Introduction: The diagnosis of secondary bacterial meningitis in intensive care units and surgical departments is usually complicated by frequent false-negative cerebrospinal fluid (CSF) culture results because of previous antibacterial therapy or false-positive CSF culture results because of sample contamination. Some nonspecific clinical and laboratory criteria of CSF content can be used, but they do not provide 100% sensitivity and selectivity. The search for new diagnostic approaches is a relevant direction.
Objectives: The aim of this study was to construct various multivariate models based on biomarkers and metabolites in the cerebrospinal fluid for the diagnosis of secondary bacterial meningitis in patients with acute or chronical critical illness.
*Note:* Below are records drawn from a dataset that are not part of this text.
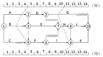某工程项目的双代号时标网络计划,当计划执行到第4周末及第10周末时,检查得出实际进度前锋线如下图所示,检查结果表明( )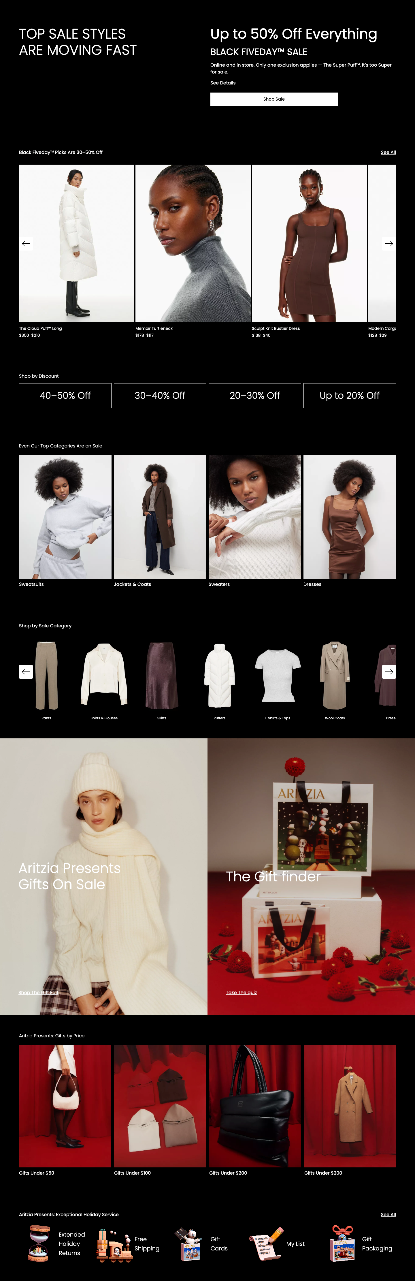 Aritzia Black Friday Landing Page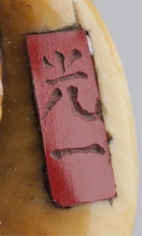 By Koichi, Tokyo, Late 19th century. The lower jaw of the mask suspended by two cords while the back is more graceful with large himotoshi and more nicely stained. Signed on an inlaid rectangular tsuishu lacquer plaque, Koichi. 2 1/8in (5.6cm). Provenance: Ex Richards collection. Purchased from R. Koscherak, 1957.

Methods: Patients with acute (n = 17, CSF samples = 19) or chronical critical illness (n = 35, CSF samples = 77) were divided into CSF sample groups without (n = 63, group I) and with secondary bacterial meningitis (n=33, group II). CSF samples were analyzed by UPLC-MS/MS to determine aromatic metabolites, and by electrochemiluminescence to determine interleukin-6 (IL-6), NSE, and S100 protein.
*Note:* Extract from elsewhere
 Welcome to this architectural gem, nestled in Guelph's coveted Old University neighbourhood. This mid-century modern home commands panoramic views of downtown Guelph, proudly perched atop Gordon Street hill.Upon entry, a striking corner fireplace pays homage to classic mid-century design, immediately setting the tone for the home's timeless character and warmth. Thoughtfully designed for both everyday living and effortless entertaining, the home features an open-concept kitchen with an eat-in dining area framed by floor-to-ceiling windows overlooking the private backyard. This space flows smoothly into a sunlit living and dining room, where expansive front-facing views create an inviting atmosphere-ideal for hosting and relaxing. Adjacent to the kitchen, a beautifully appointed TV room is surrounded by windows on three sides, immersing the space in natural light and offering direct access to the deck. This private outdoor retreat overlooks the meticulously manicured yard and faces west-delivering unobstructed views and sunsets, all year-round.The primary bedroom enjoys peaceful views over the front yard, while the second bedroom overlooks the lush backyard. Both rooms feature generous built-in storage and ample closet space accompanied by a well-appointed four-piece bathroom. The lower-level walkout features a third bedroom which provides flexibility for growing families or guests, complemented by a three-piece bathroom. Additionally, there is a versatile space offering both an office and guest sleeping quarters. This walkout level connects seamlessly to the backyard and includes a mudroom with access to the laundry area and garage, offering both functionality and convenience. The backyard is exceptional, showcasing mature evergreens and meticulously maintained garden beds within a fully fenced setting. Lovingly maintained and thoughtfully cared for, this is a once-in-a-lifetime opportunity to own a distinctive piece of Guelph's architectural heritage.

Results: Median values of CSF parameters (leukocytes, relative content of neutrophils, protein, IL-6, S100, 4-hydroxyphenyllactic, phenyllactic, indole-3-lactic acids) were statistically higher in group II compared to group I (p-value < 0.001), with CSF glucose higher in group I compared to group II (p-value < 0.001).
ROC-analysis of univariate models based on these CSF parameters did not reveal any model with 100% sensitivity and selectivity, while ROC-analysis of various multivariate models based on CSF biomarkers and metabolites demonstrated excellent prognostic ability for CSF sample stratification into two groups: the best model was constructed using Catboost [https://doi.org/10.48550/arXiv.1706.09516] with AUC-ROC=1.00 with 100% sensitivity and selectivity.
Conclusion: Multivariate models based on various CSF biomarkers and metabolites demonstrated better characteristics compared to univariate prognostic models for CSF sample stratification into groups with or without secondary bacterial meningitis.